Great point. The Epstein theory really does make sense. Super well connected guy, rubbing shoulders with power and influence, island lair and all that. I'll dig up that Tilson thread, sounds super interesting. 

I anecdotally know of wealth managers that have clients in countries with ironclad capital, securities and currency rules that absolutely do not allow something like that. They fly in private, spend a few days a month with the clients, and fly back out. Maybe they stay away from types like the higher echelons of Iranian government and African warlords and all that, maybe they don't. Who's to say an ambitious individual in a haven or non-extradition country isn't servicing these people anyway. 

 

Getting back around to this now. Let's think about the ways in which bankers and private wealth managers can give an edge for intelligence collection:

1. These financial professionals are trusted advisors to powerful individuals and can influence their behavior to either do or not do various important transactions. These professionals can introduce clients to various kinds of financial institutions, including shell corporations that are set up by intelligence agencies for the purposes of collecting information. A wealth manager or banker could introduce a client to doing business with a government front.

2. These professionals are privy to potentially compromising information. They know the partying habits of their clients and may know of other kinds of infidelities or indiscretions that could be used by an intelligence agency as leverage over the target in the future. Illegal drug use, sexually compromising information, past financial infractions, tax noncompliance, and all other embarrassing aspects of personal life are up for grabs here.

3. Bankers and private wealth managers, particularly in a historical context, have at times been associated with wining and dining clients, including taking to them to other kinds of destinations that would make them subject to leverage or blackmail. Strip clubs and escort agencies can be used to get leverage over people by threatening to disclose that information to loved ones or the broader public. Financial professionals can facilitate persuading a target to go to these locations or incite clients to act in more indiscreet or uninhibited ways than they might otherwise act. This sort of sexual blackmail on intelligence targets was likely what private wealth manager Jeffrey Epstein trafficked in (see Whitney Tilson thread mentioned above).

4. Private wealth managers also often serve as concierge or executive assistants for their wealthier clients, scheduling vacations and planning other logistical events for clients. These travel itineraries, and the ability to influence them in advance, is an invaluable asset for intelligence collection purposes.
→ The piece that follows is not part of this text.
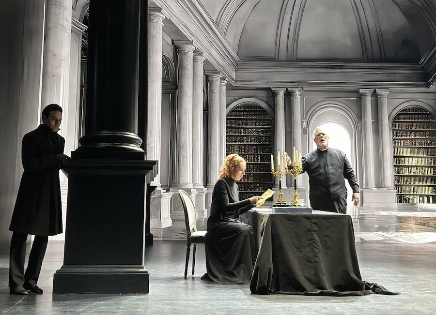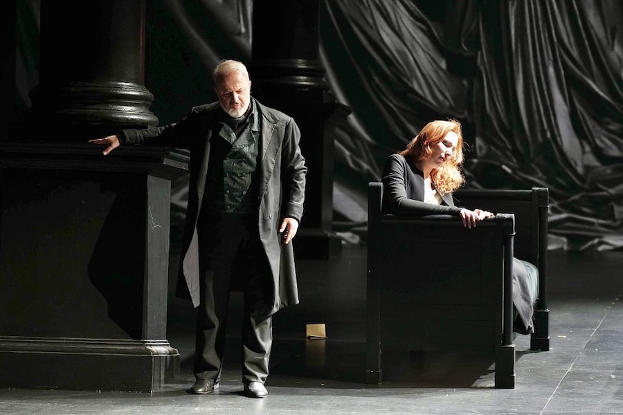 L’ambientazione, dominata dai neri severi della morale protestante, concentra l’azione nella sua dimensione borghese e domestica, quasi anticipando atmosfere che saranno proprie del teatro ibseniano. La drammaturgia procede per accenni, per gesti misurati, per silenzi carichi di senso: un teatro che evita l’enfasi e punta invece alla densità etica ed emotiva. In questo contesto si inseriscono efficacemente i video di Matteo Letizi, che amplificano le profondità sceniche e dialogano con architetture di gusto neoclassico, e il lavoro sulle luci di Massimo Gasparon – anche regista collaboratore – caratterizzato da forti contrasti chiaroscurali e da tagli luminosi di ascendenza caravaggesca. Ne deriva un’impressione complessiva di asciuttezza e concentrazione, nella quale ogni elemento scenico assume una funzione semantica precisa.

It's one thing to know where someone is by following them. It's another level of power to know where they are in advance to better facilitate intelligence collection (bugging rooms, placing cameras, etc.).

In short, financial professionals are in a place of great influence among highly powerful people, many of whom are targets of various forms of intelligence collection. Having their ear through an unsuspecting advisor, the ability to know their actions in advance, and being able to blackmail, extort, or entrap targets in various forms of impropriety are great advantages, and you can rest assured that these collection mechanisms are readily employed at present by the broader intelligence apparatus.

 

I think this comment ignores the fact that the question is about whether wealth managers and bankers can be useful as spies, not whether the non-spy wealth managers and bankers could successfully convert over. Those are two separate matters. You install a spy AS a banker, not hope that the banker will act like a spy.

 
kellycriterion

You install a spy AS a banker, not hope that the banker will act like a spy.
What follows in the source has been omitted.